Юрий Петрович, в вашем театре на одной стене висят портреты Мейерхольда, Станиславского, Вахтангова и Брехта. Говорят, этот “иконостас” доставил вам в свое время немало хлопот?

Безусловно. Сперва я повесил три портрета. Без Станиславского. В свое время я усердно постигал его Систему и в результате убедился, что в искусстве никакой системы быть не может. Искусство — товар штучный и зависит от личности того, кто им занимается. Меня пытались заставить снять портрет Мейерхольда, но я дерзко возразил, что снимать не буду, ибо не я Мейерхольда мучил и убивал. Тогда приказали, чтобы был Станиславский. Я согласился. Ведь он был настоящим реформатором театра, заповеди которого мы забыли. Из его учения сделали догму, изрядно поиздевавшись над ним. Недавно перечитал кое-какие источники, выпущенные в свет без цензуры, и поразился, сколько же он горя перенес! Когда Мейерхольда выгнали из собственного театра, Станиславский пригласил его совсем не в МХАТ, а в свою оперную студию. “Этот театр теперь для меня чужой”, — горько сказал Константин Сергеевич.

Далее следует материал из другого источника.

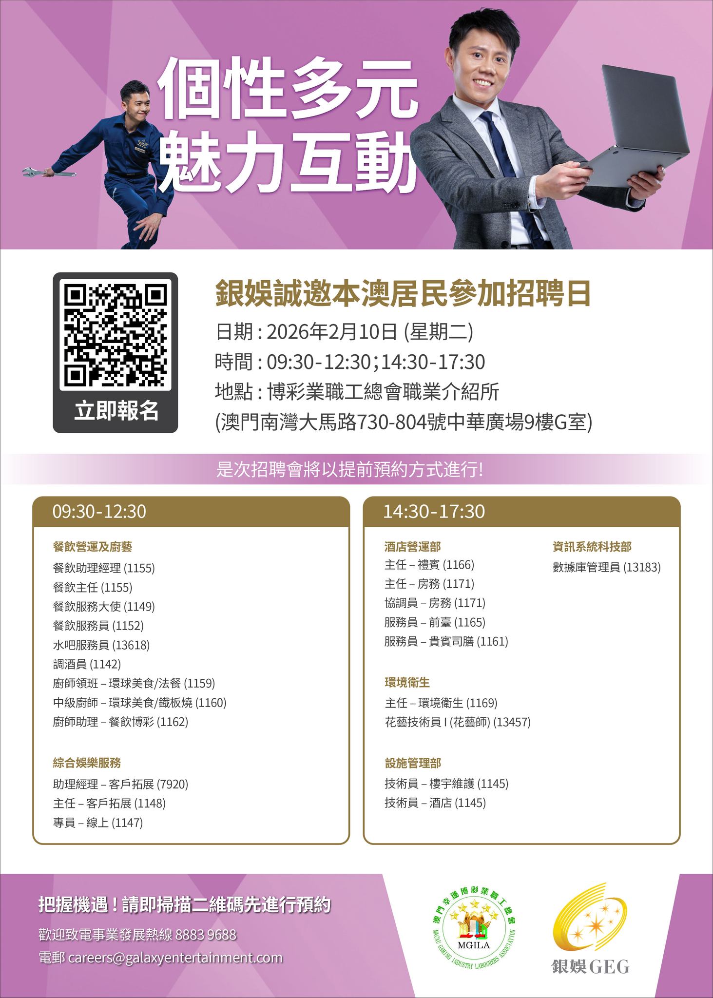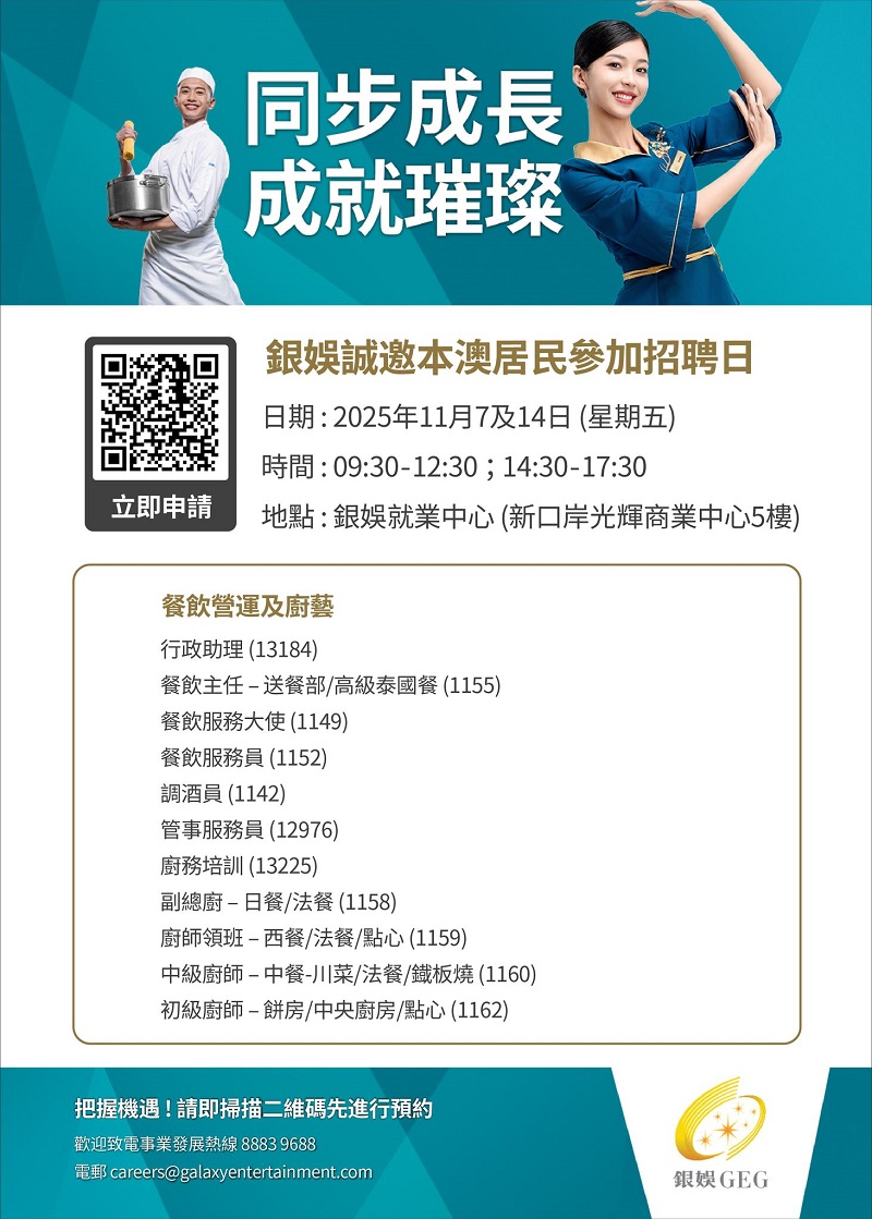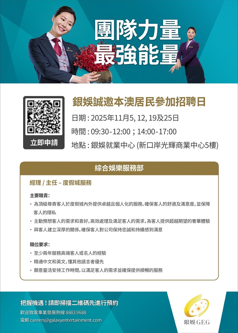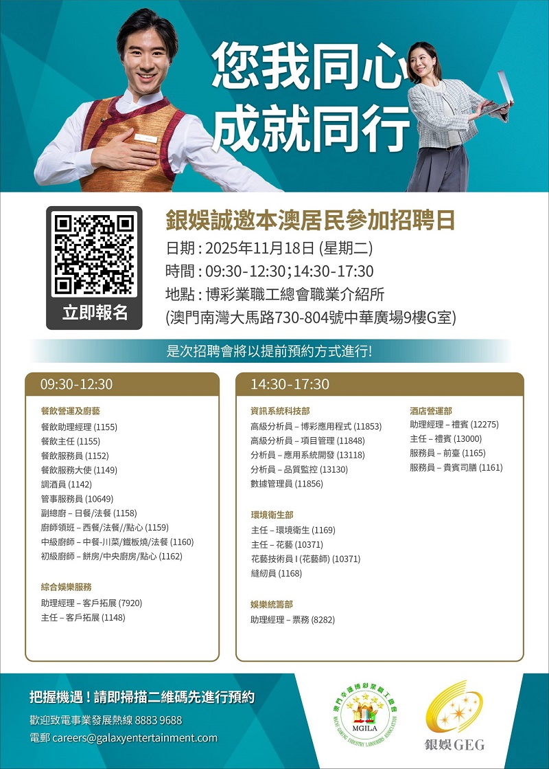 銀娛與澳門勞工事務局合辦本澳居民專屬公開招聘日,誠邀本澳居民積極參與,切勿錯失良機,為自己的事業揭開新一頁!

Вы учились в хореографическом училище по методу Айседоры Дункан. Как вы туда попали?

Ну, тогда это было модно. Айседора приехала в революционную Москву и поразила всех своим видом, а главное — танцем. Студенты после ее представлений выпрягали из коляски лошадей, сами ее везли и орали: “Айседора, Айседора! Как прекрасно жить на свете!” По Москве тут же организовались несколько кружков, где учили танцевать в ее стиле. Я попросился у мамы, и она согласилась. А вот папа не хотел, чтобы я становился артистом. Коллегиальное решение было таковым: Юра должен начать работать, чтобы выжить. Я пошел учиться в ФЗУ, которое находилось на Таганке. Здесь была тюряга и рядом полно шпаны. Один раз ворье таганское меня сильно избило, приняв за жулика. Неделю дома лежал. Отлежавшись, вооружился финкой и пошел мстить. Такие были времена…

У вас складывалась блистательная актерская карьера. Почему вы все бросили и ринулись в режиссуру?

Я часто спорил с режиссерами, что, в сущности, дело вредное. У меня возникало какое-то острое чутье: как можно сделать тот или иной фрагмент. Когда работал в кино, очень часто просил снять лишний дубль, и он впоследствии входил в картину. Постепенно понял, что у меня есть дар — заранее видеть всю “ленту”. Мои спектакли кинематографичны, раскадрованы на эпизоды. В них есть сильный, постоянно меняющийся визуальный ряд. По-моему, современный театр не может выжить без синтеза искусств, мощной “картинки” на сцене. Наш мозг воспринимает происходящее через речь всего лишь на 25 %. Остальное приходится на глаза, на энергию, которая исходит от актера.

Можно ли сказать, что вы сформировались как режиссер внезапно, «вдруг»?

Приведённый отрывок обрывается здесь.